Closed sjpotter closed 1 year ago

sjpotter commented 1 year ago

I downloaded the latest release off of github and it appears to be creating invalid nzbs

version:

nyuu  --version
0.4.1

I run it as

nyuu --connect-retries 100 --reconnect-delay 30s  -h <snip> -u <snip> -p <snip> -n 40 --filename "{basename}" -f <snip> -g <snip> -k 10 -o <snip> --minify --nzb-password <snip> -r keep <dir snipped>

what I end up with is an nzb that looks like

<ns0:nzb xmlns:ns0="http://www.newzbin.com/DTD/2003/nzb">
        <head>
                <meta type="password">snip/meta>
        </head>
        <ns0:head>
                <ns0:meta type="password">snip</ns0:meta>
        </ns0:head>
        <ns0:file poster="snip" date="snip" subject="snip">
                <ns0:groups>
                        <ns0:group>snip</ns0:group>
                </ns0:groups>
                <ns0:segments>
                        <ns0:segment bytes="739527" number="1">snip@nyuu</ns0:segment>
                </ns0:segments>
        </ns0:file>
</ns0:nzb>

now the ns0: prefix isn't invalid xml, but it does seem to cause it to fail in apps (say nzbget) that don't expect it and expect just a plain tag. if I run it through with a simple sed/vi search and replace (%s/ns0://g) its usable.

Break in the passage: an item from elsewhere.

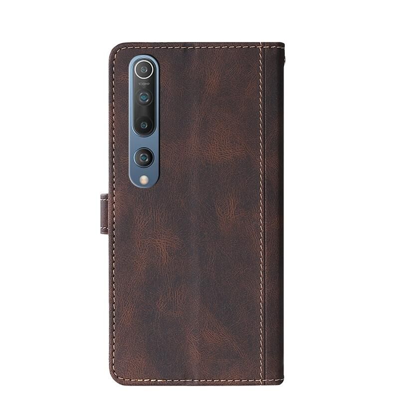 Για Xiaomi Mi 10 Stitching δέρμα αίσθηση μαγνητική πόρπη οριζόντια Flip PU δέρμα υπόθεση με κάτοχο & υποδοχές καρτών & πορτοφόλι (καφέ)

sabnzbd also doesn't specify using a namespace tag: https://sabnzbd.org/wiki/extra/nzb-spec

also note that the head tag was output twice, once with ns0: once without)

Is it possible to at least have a cmd line option to control this?

animetosho commented 1 year ago

That's awfully weird. The text that gets inserted into the NZB is largely hardcoded and there's no namespaces in sight.

Are you using some tool that could be inserting the namespace? I note that --minify is specified, and you don't get pretty printed output like you show above.

sjpotter commented 1 year ago

argh. you're right. I had a python tool I wrote to insert passwords and compress. that's what's doing it. sorry. looked at original source and its right.

animetosho commented 1 year ago

If it helps, --nzb-compress can be used for compression (password insertion already done via --nzb-password), which might remove the need for an external script.